PET allows detection of HCC spread in patients with elevated serum α-fetoprotein levels or those beyond Milan criteria and detects EHMs in patients with PLs with high SUVmax values. Optimally timed PET scans can complement conventional imaging for accurate staging and treatment strategy determination.

摘要

背景与目的

(18)F - 氟脱氧葡萄糖(FDG) - 正电子发射断层扫描(PET)可能仅在晚期肝细胞癌(HCC)患者中检测到原发性病灶(PLs)和肝外转移灶(EHMs)。

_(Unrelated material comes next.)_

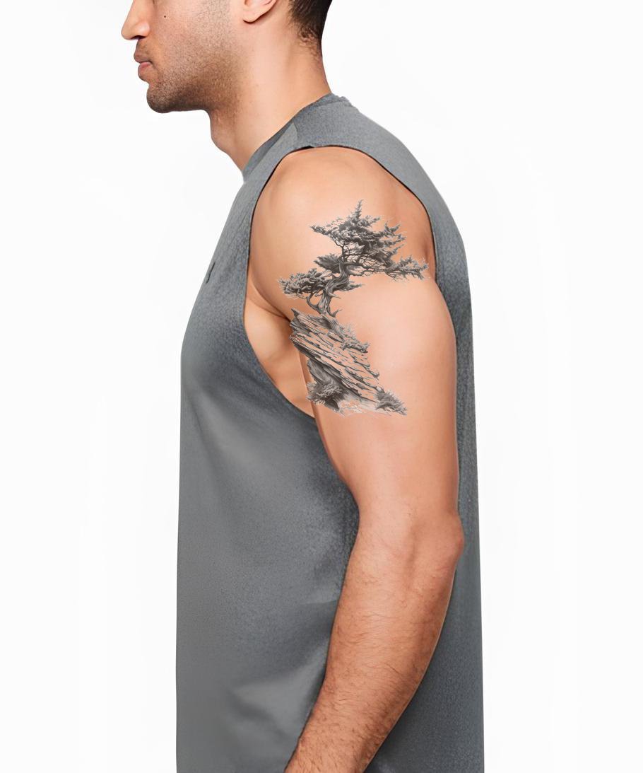 この黒と灰色のタトゥーデザインで静けさに浸ってください。詳細に描かれた糸杉の木と繊細な花や葉に囲まれた自然の美しさを完璧に捉えています。力強い幹と穏やかな背景を強調したこの平和なデザインは、雄大な自然の静けさを見事に称えています。

我们研究了PET检查的必要性以及PET扫描的最佳时机,以进行准确分期和制定治疗方案。

方法

我们对64例接受PET检查的HCC患者进行了回顾性研究(中位年龄74岁;男性/女性,41/23;病因,46例丙型肝炎病毒感染/4例乙型肝炎病毒感染/4例酒精性/10例其他病因)。为确定PET检查的最佳时机,我们分析了基于PET结果推荐的治疗方案变化以及FDG摄取阳性的PLs或EHMs患者的特征。

结果

PET检测到22例患者(34%)有FDG摄取阳性的PLs:18例为高血供PL,11例血清甲胎蛋白水平≥200 ng/mL,11例超出米兰标准。21例患者(33%)检测到EHMs:淋巴结转移8例;肺转移5例;腹壁转移4例;骨转移3例;其他器官转移4例(包括重叠部位)。由于基于PET扫描的巴塞罗那临床肝癌分期增加,16例患者(25%)的推荐治疗方案发生了改变。在多因素分析中,血清甲胎蛋白水平≥200 ng/mL和超出米兰标准是FDG摄取阳性PLs的独立因素,PLs的最大标准化摄取值(SUVmax)≥4.0是FDG摄取阳性EHMs的独立因素(P分别为0.002、0.008和0.045)。

结论

PET能够检测出血清甲胎蛋白水平升高或超出米兰标准的HCC患者的肿瘤扩散情况,并能检测出PLs的SUVmax值高的患者的EHMs。适时的PET扫描可补充传统影像学检查,用于准确分期和确定治疗策略。